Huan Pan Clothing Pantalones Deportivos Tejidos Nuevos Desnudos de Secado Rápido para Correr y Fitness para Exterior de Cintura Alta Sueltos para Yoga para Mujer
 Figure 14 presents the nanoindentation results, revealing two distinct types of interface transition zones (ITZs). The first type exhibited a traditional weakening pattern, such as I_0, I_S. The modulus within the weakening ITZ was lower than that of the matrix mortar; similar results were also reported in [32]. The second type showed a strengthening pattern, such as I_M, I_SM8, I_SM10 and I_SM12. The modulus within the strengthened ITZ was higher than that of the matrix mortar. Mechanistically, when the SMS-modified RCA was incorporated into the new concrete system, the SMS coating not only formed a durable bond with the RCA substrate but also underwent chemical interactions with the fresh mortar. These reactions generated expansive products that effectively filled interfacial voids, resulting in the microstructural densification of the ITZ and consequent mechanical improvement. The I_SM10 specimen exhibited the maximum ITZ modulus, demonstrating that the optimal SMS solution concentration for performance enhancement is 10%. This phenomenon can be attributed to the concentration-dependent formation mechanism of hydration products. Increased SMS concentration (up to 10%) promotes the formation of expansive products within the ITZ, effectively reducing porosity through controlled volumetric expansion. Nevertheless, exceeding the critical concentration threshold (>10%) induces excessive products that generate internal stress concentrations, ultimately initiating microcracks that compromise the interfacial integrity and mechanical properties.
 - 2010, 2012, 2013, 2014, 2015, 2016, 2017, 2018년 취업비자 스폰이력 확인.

-=-=-

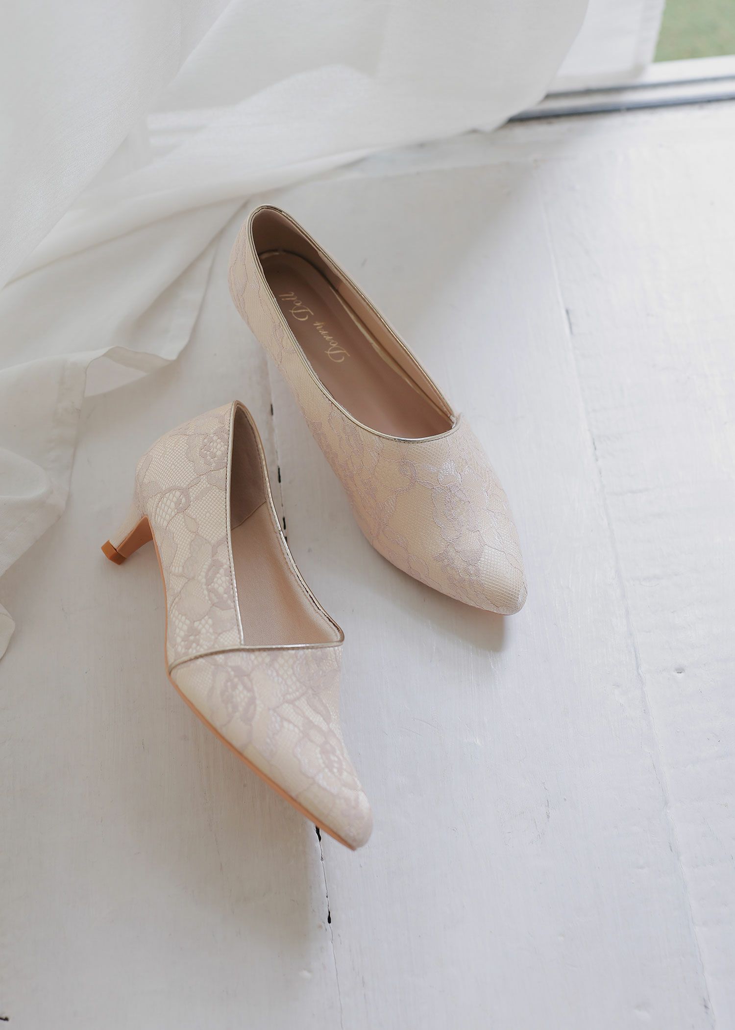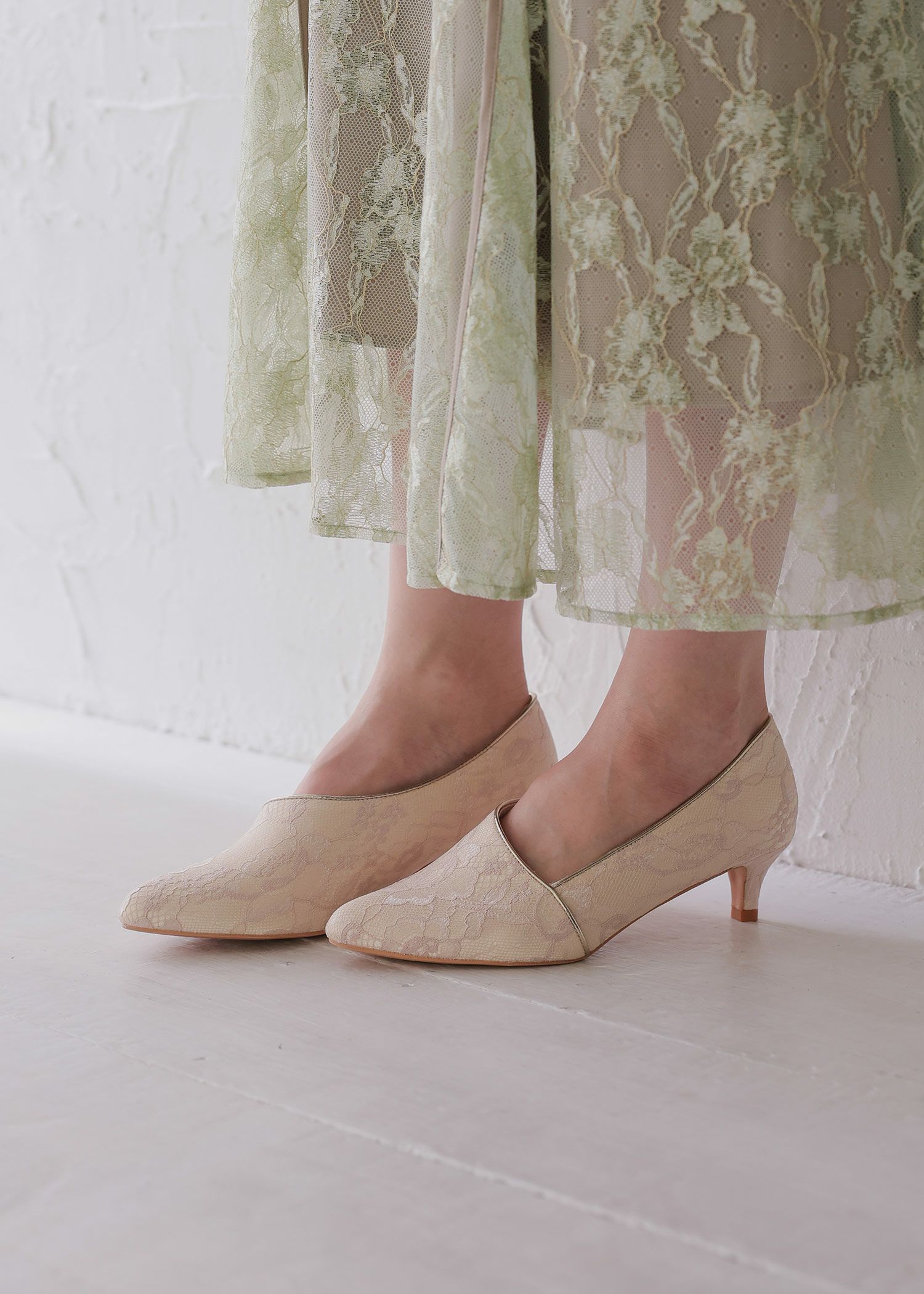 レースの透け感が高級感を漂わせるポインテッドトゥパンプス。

-=-=-

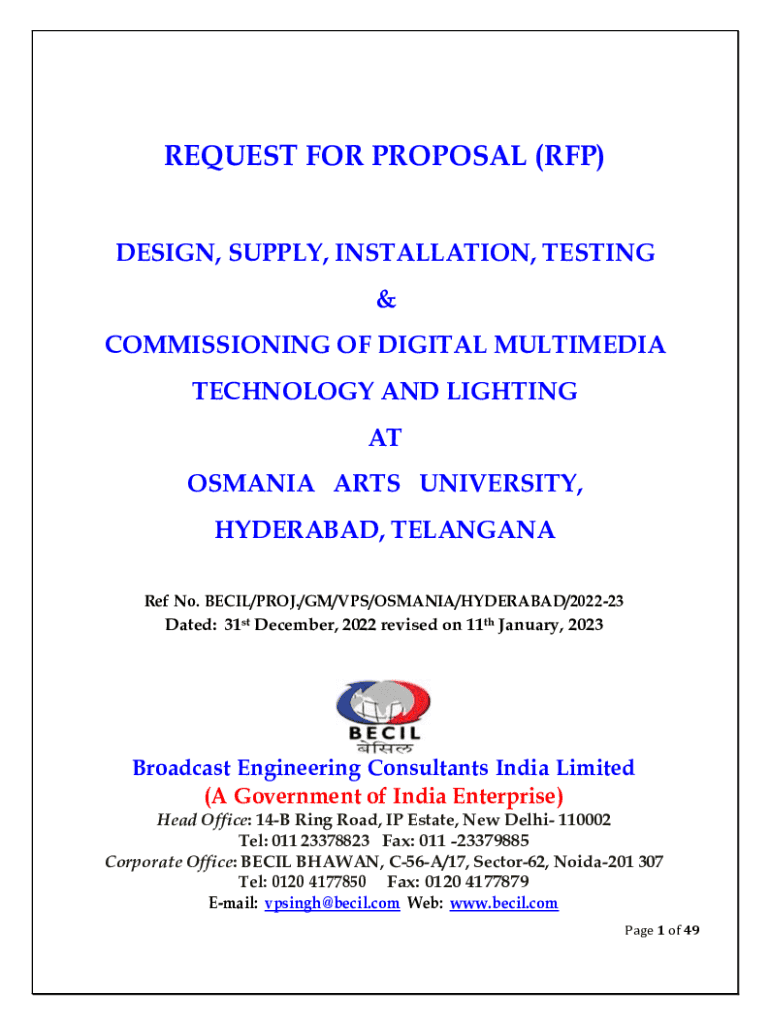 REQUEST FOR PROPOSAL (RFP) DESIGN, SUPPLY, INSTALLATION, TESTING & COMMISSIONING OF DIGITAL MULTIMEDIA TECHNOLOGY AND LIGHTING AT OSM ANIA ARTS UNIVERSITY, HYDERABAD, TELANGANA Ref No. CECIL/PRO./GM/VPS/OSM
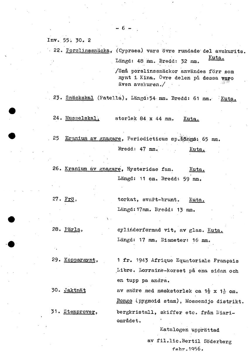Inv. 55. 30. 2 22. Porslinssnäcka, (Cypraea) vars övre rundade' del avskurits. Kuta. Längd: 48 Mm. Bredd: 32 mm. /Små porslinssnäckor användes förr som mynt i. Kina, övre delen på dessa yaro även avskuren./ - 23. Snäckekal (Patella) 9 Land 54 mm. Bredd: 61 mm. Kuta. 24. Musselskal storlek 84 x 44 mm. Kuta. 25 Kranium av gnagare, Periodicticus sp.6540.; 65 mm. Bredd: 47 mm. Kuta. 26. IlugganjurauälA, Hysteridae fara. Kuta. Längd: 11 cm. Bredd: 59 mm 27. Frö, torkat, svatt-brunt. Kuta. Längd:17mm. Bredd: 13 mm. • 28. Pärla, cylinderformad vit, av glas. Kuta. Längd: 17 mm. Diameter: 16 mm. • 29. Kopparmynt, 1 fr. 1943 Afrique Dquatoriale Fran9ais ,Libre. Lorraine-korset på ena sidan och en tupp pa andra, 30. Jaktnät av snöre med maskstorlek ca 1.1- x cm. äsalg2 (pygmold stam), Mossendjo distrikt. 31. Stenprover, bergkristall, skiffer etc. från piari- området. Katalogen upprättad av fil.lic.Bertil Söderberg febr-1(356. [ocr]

-=-=-

• **WHAT YOU NEED TO DO**
Give back, word for word, only the lines above from the line holding "Figure 14 presents" to the line holding "- 2010, 2012, 2013, 2014, 2015, 2016, 2017, 2018년", both included.

• **OUTPUT BELOW**
 Figure 14 presents the nanoindentation results, revealing two distinct types of interface transition zones (ITZs). The first type exhibited a traditional weakening pattern, such as I_0, I_S. The modulus within the weakening ITZ was lower than that of the matrix mortar; similar results were also reported in [32]. The second type showed a strengthening pattern, such as I_M, I_SM8, I_SM10 and I_SM12. The modulus within the strengthened ITZ was higher than that of the matrix mortar. Mechanistically, when the SMS-modified RCA was incorporated into the new concrete system, the SMS coating not only formed a durable bond with the RCA substrate but also underwent chemical interactions with the fresh mortar. These reactions generated expansive products that effectively filled interfacial voids, resulting in the microstructural densification of the ITZ and consequent mechanical improvement. The I_SM10 specimen exhibited the maximum ITZ modulus, demonstrating that the optimal SMS solution concentration for performance enhancement is 10%. This phenomenon can be attributed to the concentration-dependent formation mechanism of hydration products. Increased SMS concentration (up to 10%) promotes the formation of expansive products within the ITZ, effectively reducing porosity through controlled volumetric expansion. Nevertheless, exceeding the critical concentration threshold (>10%) induces excessive products that generate internal stress concentrations, ultimately initiating microcracks that compromise the interfacial integrity and mechanical properties.
 - 2010, 2012, 2013, 2014, 2015, 2016, 2017, 2018년 취업비자 스폰이력 확인.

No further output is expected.